These data support POSTN as an important metastasis mediator secreted by VHL-KO cells that promotes the EMT and motility in VHL-WT cells, as well as the destruction of adjacent blood vessels (Fig. 7a). Thus, targeted blockade of POSTN appears to be a promising approach to inhibit the deadly metastatic process in ccRCC.
Paracrine action of POSTN in the collaborative metastasis model between VHL- and VHL + cells. a A summary of the pro-metastatic paracrine functions mediated by POSTN. b The cooperative metastatic mechanism uncovered paracrine-promoting interactions between VHL-KO and VHL-WT cells, mediated by POSTN, at the tumor proper and the intravasation step (1) of the metastatic cascade. The potential impact of the cooperative metastatic mechanism on downstream steps of the cascade, such as cell survival in the circulation (step 2), and metastatic colonization (step 3) requires further investigation
In this study, our VHL-deleted RCC models reveal a novel metastatic mechanism that relies on cooperative interactions between two distinct populations of tumor cells: VHL-KO (VHL−) and VHL-WT (VHL+) cells (Fig. 7b). VHL-KO cells displayed an EMT and highly motile phenotype, but grow poorly in vivo. However, VHL-KO cells induced an aggressive behavior in VHL-WT cells that promoted their fervent metastasis.
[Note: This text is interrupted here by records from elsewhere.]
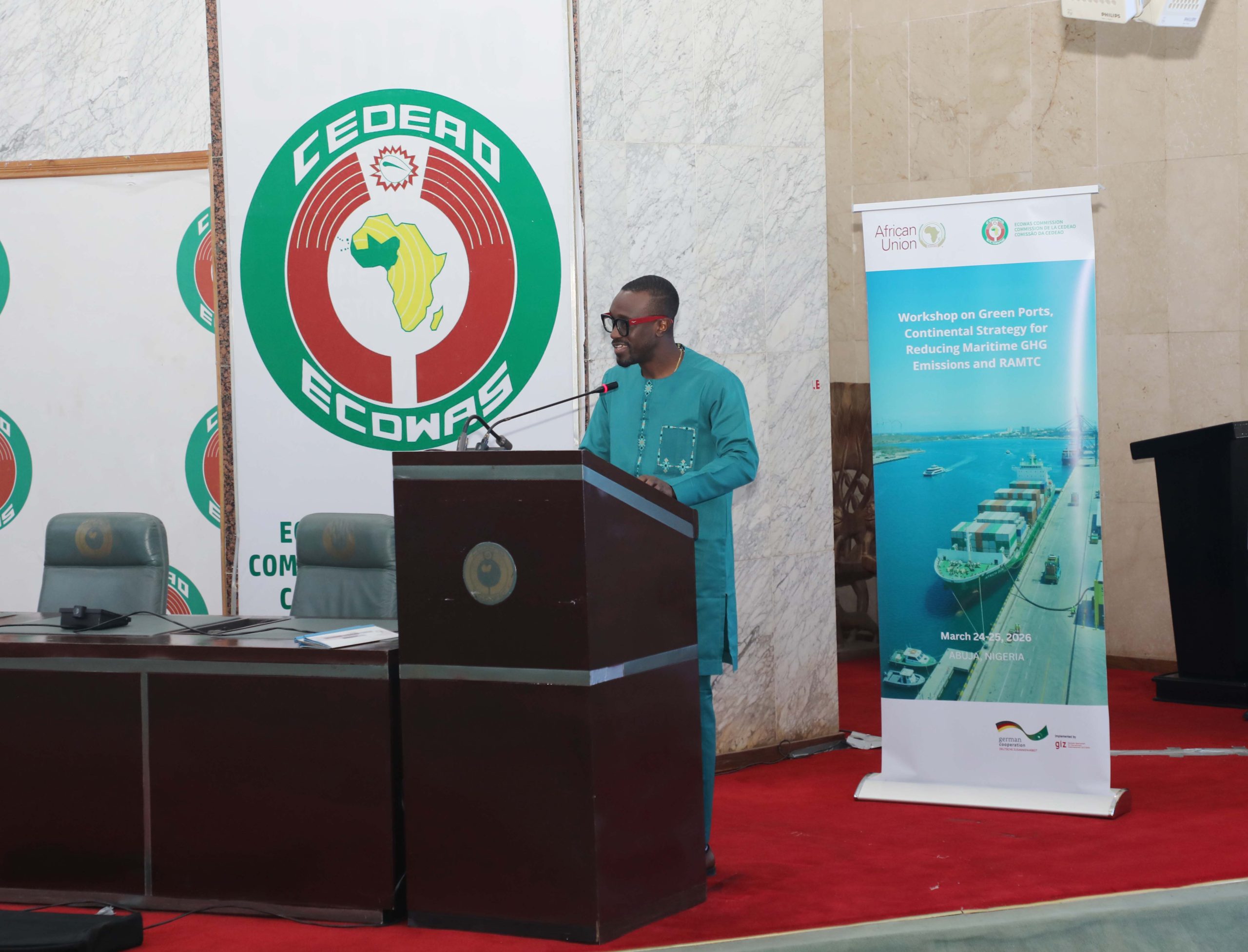 25 Mar, 2026Dans le cadre de la transition de l’Afrique vers des systèmes maritimes durables, la Communauté Économique des États de l’Afrique de l’Ouest (Commission de la CEDEAO), en étroite collaboration avec la Commission de l’Union Africaine (CUA), a organisé un atelier continental de validation de haut niveau sur les lignes directrices relatives aux ports verts, la réduction des émissions de gaz à effet de serre du transport maritime et la mise en œuvre de la Charte africaine révisée des transports maritimes, réunissant des acteurs continentaux de haut niveau, des institutions maritimes et des experts techniques au siège de la CEDEAO à Abuja (Nigéria), le 24 mars 2026, dans le cadre d’un engagement stratégique de deux jours visant à harmoniser la position de l’Afrique et à accélérer les voies de mise en œuvre.
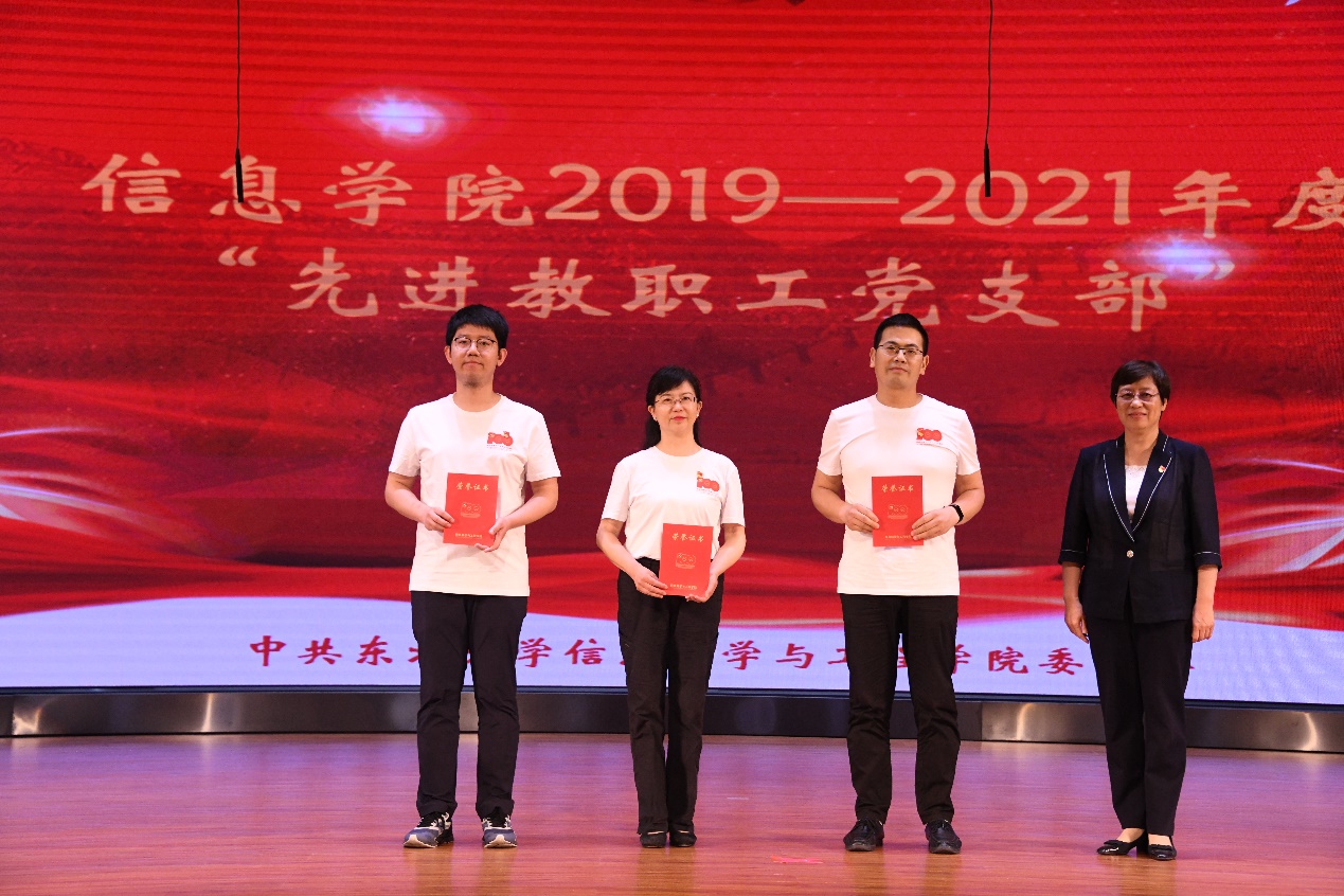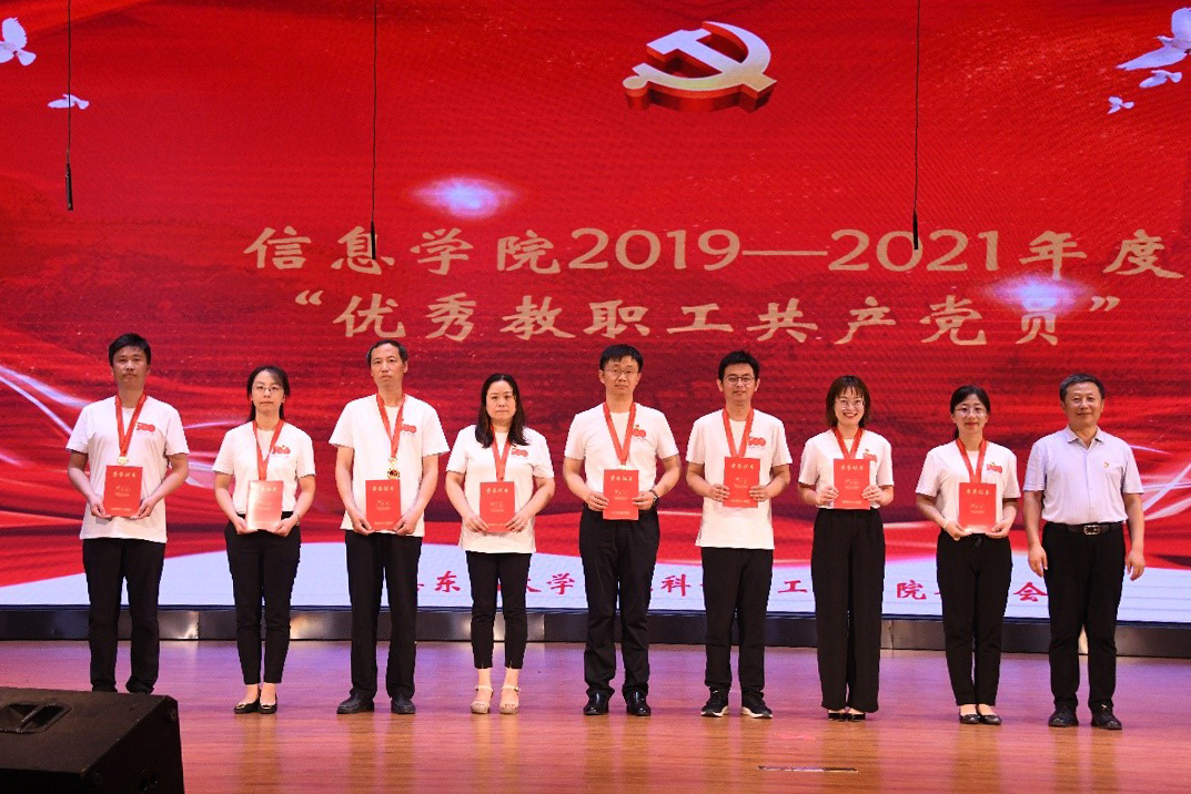 会上对获得信息学院2019—2021年度先进教职工党支部、优秀教职工共产党员,优秀党务工作者、优秀课程思政建设工作个人、优秀班导师、优秀学生党员、优秀学生党支部等集体和个人进行表彰。与会领导为获奖师生颁发证书。
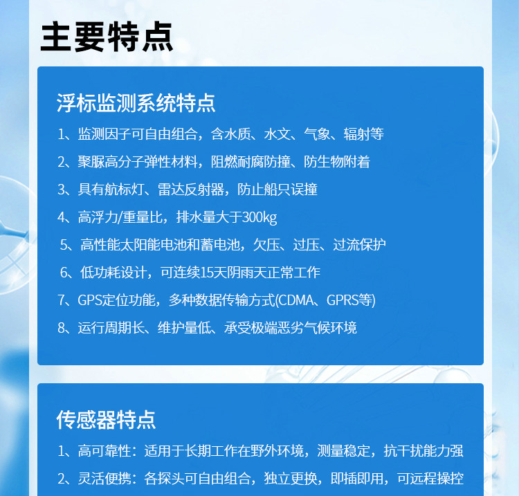 MDS-FBHY2301海洋浮标水质监测站,是一款以浮标为载体,集材料科学、传感器技术、数传技术为一体的水质监测系统。

Many of the metastatic phenotypes of our preclinical models were observed in clinical tumor specimens, including VHL loss resulting in the upregulation of HIF-1α and POSTN. These results lend credibility to a cooperative mechanism of metastasis operating in human ccRCC. This discovery of a novel cooperative metastatic mechanism and demonstration of the critical mediators of its crosstalk opens up novel therapeutic avenues to control ccRCC metastasis.
Discussion
In RCC and other epithelial cancers, metastasis is the major cause of mortality. The complex nature of metastasis, coupled with an incomplete understanding of its mechanism, pose significant challenges to devising effective treatments. For the past three decades, the progression model has been the common, prevailing concept for how metastasis occurs.46 This model postulates that multiple progressive mutational events occur to enable a small fraction of cells to acquire full metastatic potential. Subsequent studies showed that clonal evolution and selection can enhance not only metastatic potential but also achieve metastatic site specificity.47,48 The cooperative model of metastasis uncovered here proposes a different mechanism in which active crosstalk between two populations of tumor cells is needed to achieve metastasis.
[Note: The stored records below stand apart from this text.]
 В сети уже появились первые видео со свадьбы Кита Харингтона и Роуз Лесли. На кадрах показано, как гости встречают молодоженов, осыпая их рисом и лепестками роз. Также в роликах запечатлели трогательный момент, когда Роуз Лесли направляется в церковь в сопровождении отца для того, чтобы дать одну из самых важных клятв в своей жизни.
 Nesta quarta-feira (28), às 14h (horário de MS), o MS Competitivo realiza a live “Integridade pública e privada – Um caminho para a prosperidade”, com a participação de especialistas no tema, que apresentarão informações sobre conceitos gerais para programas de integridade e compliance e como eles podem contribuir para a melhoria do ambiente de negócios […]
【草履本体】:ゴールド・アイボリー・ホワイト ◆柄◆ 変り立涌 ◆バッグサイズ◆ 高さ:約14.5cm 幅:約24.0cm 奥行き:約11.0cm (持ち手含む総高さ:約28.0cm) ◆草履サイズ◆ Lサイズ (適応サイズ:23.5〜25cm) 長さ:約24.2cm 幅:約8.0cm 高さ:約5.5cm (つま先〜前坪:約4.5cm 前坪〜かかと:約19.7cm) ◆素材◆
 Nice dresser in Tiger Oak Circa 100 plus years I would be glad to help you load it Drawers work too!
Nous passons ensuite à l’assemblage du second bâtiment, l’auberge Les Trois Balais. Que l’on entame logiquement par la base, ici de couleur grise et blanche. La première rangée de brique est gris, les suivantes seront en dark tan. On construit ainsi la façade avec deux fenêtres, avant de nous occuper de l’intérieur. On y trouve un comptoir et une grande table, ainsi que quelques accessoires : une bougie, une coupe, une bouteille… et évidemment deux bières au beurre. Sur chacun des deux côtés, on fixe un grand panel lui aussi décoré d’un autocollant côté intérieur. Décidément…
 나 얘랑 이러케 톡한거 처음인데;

Our spontaneous metastatic RCC models documented the interactive cross communications between VHL-KO (VHL−) and VHL-WT (VHL+) cells. Intriguingly, EMT+ VHL-KO cells are themselves poorly proliferative, but drive the metastatic process by inducing aggressive behaviors, such as enhanced proliferation and motility, in the otherwise nonmetastatic VHL-WT cells. The loss of VHL upregulates HIF-1α, which in turn stimulates the transcription of POSTN. POSTN promotes metastasis by elevating EMT and motility in neighboring VHL-WT cells and also causes vascular destruction to facilitate the escape of tumor cells into the circulation. However, POSTN does not promote the proliferation of VHL-WT cells. Given that POSTN impacts multiple steps in the metastatic cascade, we went on to show that blocking its function by a monoclonal antibody halted lung metastasis in murine and human spontaneous metastasis models.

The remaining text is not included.